"""
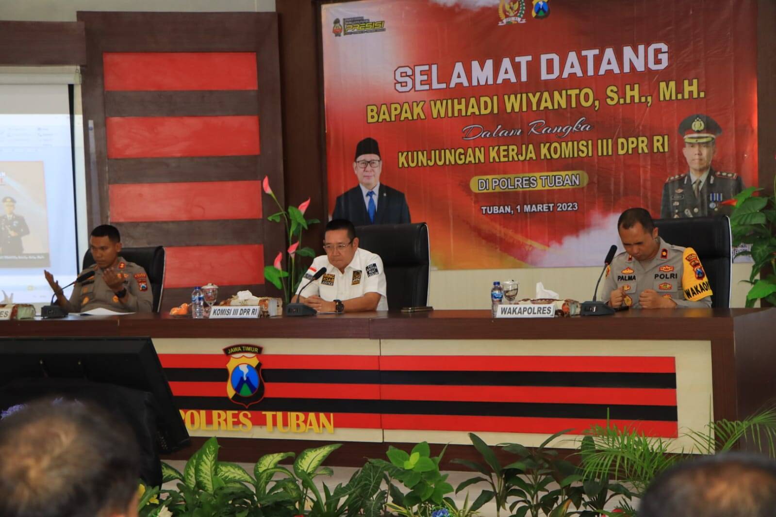 Tuban, Kabar1news.com – Masa Reses anggota Komisi III DPR-RI dari Fraksi Partai Gerindra, Daerah Pemilihan (Dapil) IX Jawa Timur (Tuban, Bojonegoro) Wihadi Wiyanto, S.H., M.H., melaksanakan kunjungan kerja ke Polres Tuban Polda Jawa timur, Rabu (01/03/2023).
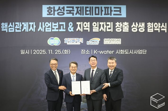 이날 김 지사는 정명근 화성시장, 임영록 신세계그룹 사장, 안정호 K-water 그린인프라부문장과 ‘화성 국제테마파크 지역 일자리 창출 및 상생협력 업무협약’을 체결했다.
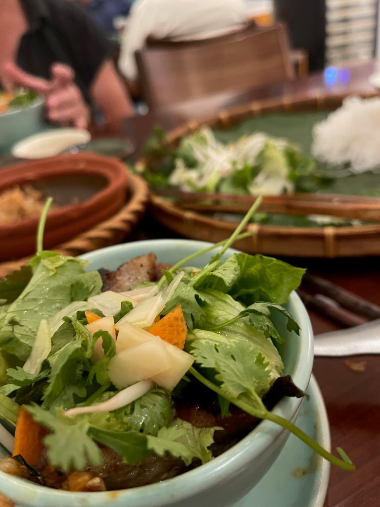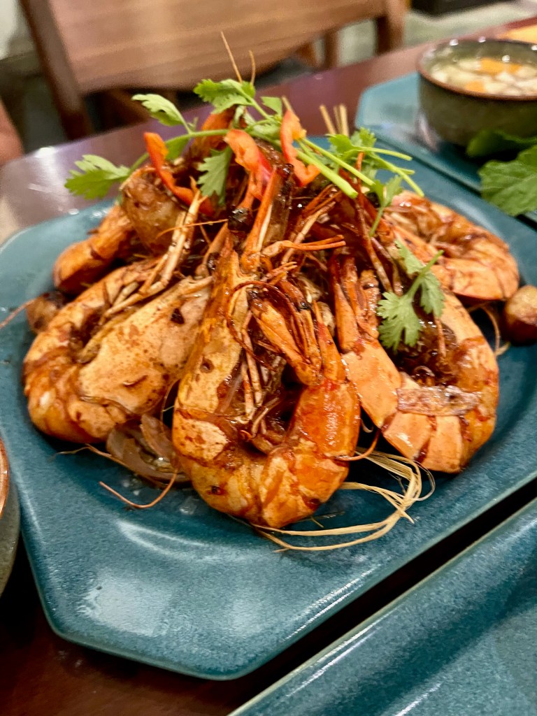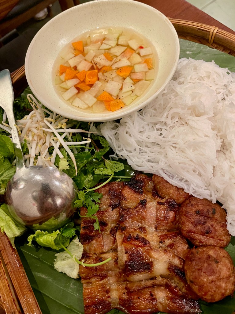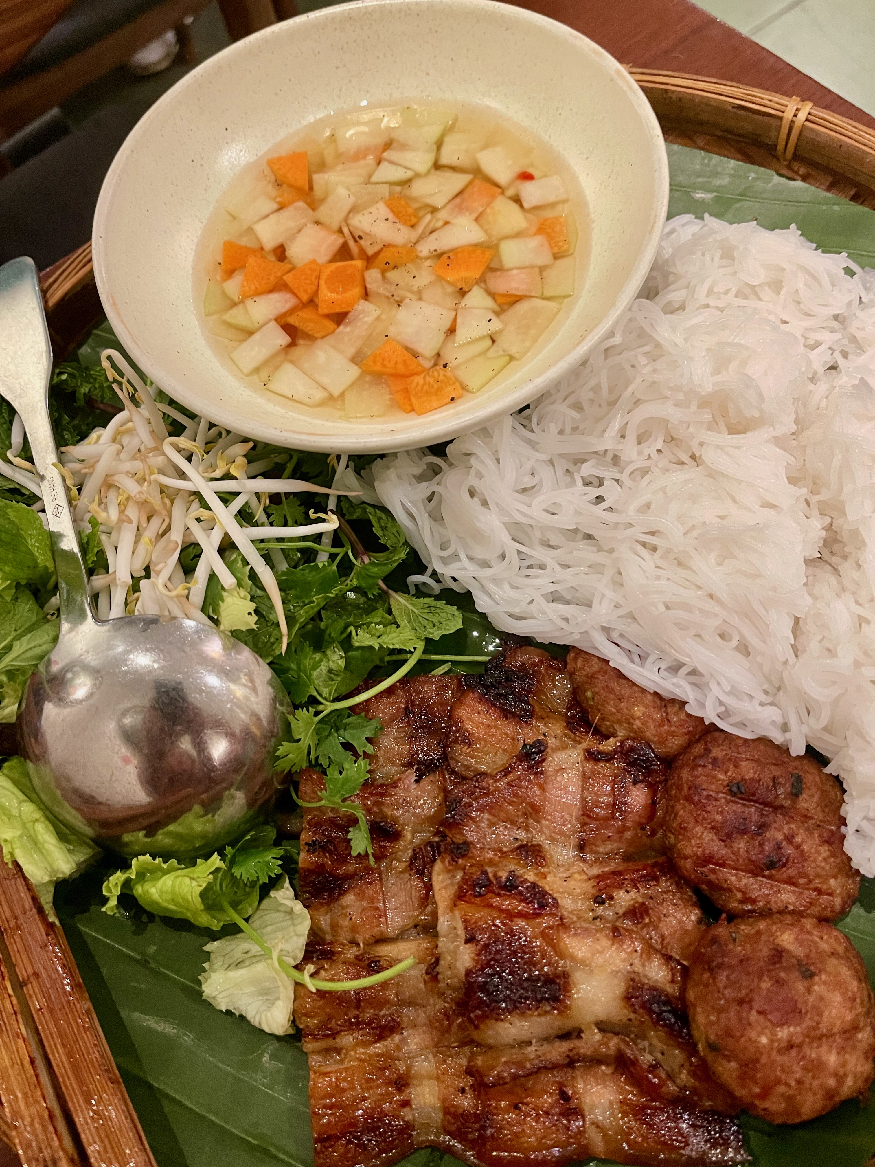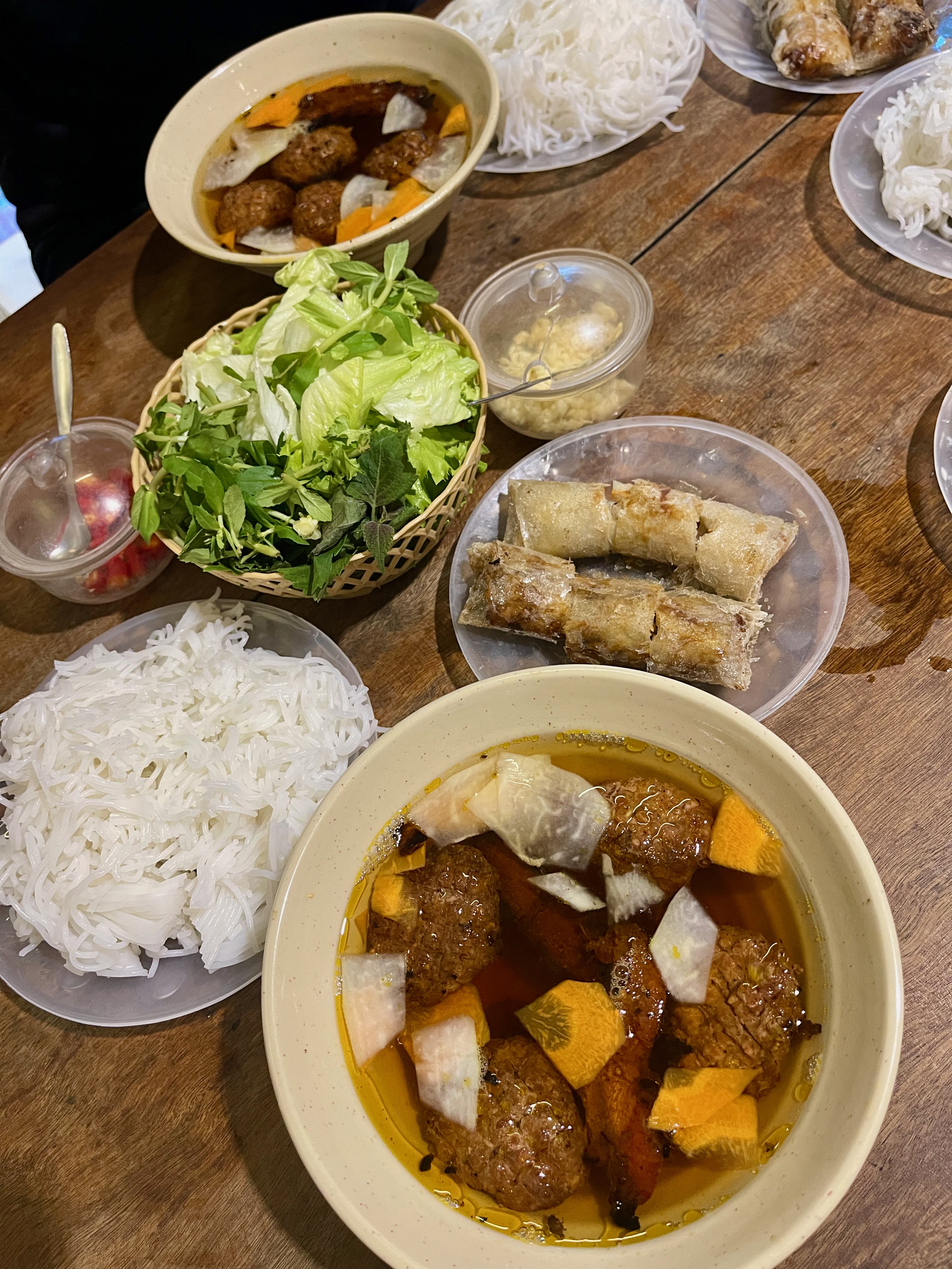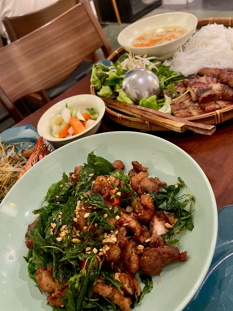 We ate shrimp spring rolls, deep-fried shrimp, bun cha, pan-seared duck, and Vietnamese grilled chicken. We drank beer. The bill came to 1,918,000 VND ($113 AUD) for the three of us and was worth every dong.
"""
Exercise requirements
The answer must be the full listing retyped exactly, with no pictures in it.

Task solution
 Tuban, Kabar1news.com – Masa Reses anggota Komisi III DPR-RI dari Fraksi Partai Gerindra, Daerah Pemilihan (Dapil) IX Jawa Timur (Tuban, Bojonegoro) Wihadi Wiyanto, S.H., M.H., melaksanakan kunjungan kerja ke Polres Tuban Polda Jawa timur, Rabu (01/03/2023).
 이날 김 지사는 정명근 화성시장, 임영록 신세계그룹 사장, 안정호 K-water 그린인프라부문장과 ‘화성 국제테마파크 지역 일자리 창출 및 상생협력 업무협약’을 체결했다.
 We ate shrimp spring rolls, deep-fried shrimp, bun cha, pan-seared duck, and Vietnamese grilled chicken. We drank beer. The bill came to 1,918,000 VND ($113 AUD) for the three of us and was worth every dong.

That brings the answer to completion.